This topic is weighed 10% on exam
Troubleshoot application failure.
kubectl logs mypod --previous
kubectl describe po/mypod
Troubleshoot control plane failure.
kubectl get componentstatuses
Troubleshoot worker node failure.
- Troubleshooting services
- Make sure you’re connecting to the service’s cluster IP from within the cluster, not from the outside.
- Don’t bother pinging the service IP to figure out if the service is accessible (remember, the service’s cluster IP is a virtual IP and pinging it will never work).
- If you’ve defined a readiness probe, make sure it’s succeeding; otherwise the pod won’t be part of the service.
- To confirm that a pod is part of the service, examine the corresponding Endpoints object with kubectl get endpoints.
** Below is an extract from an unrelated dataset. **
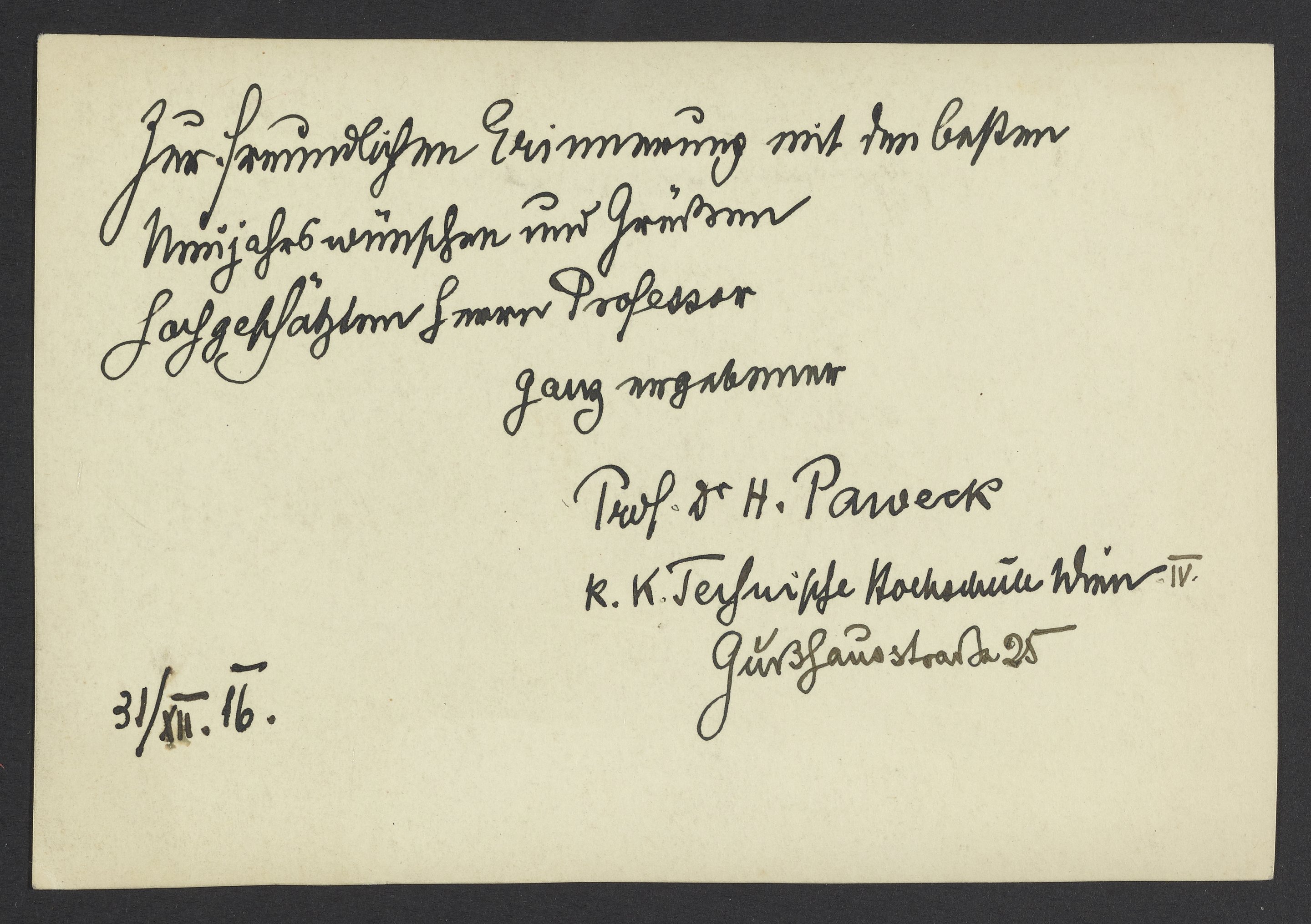 Postcard to Georg Bredig from Heinrich Paweck

- If you’re trying to access the service through its FQDN or a part of it (for example, myservice.mynamespace.svc.cluster.local or myservice.mynamespace) and it doesn’t work, see if you can access it using its cluster IP instead of the FQDN.
- Check whether you’re connecting to the port exposed by the service and not the target port.
- Try connecting to the pod IP directly to confirm your pod is accepting connections on the correct port.
- If you can’t even access your app through the pod’s IP, make sure your app isn’t only binding to localhost.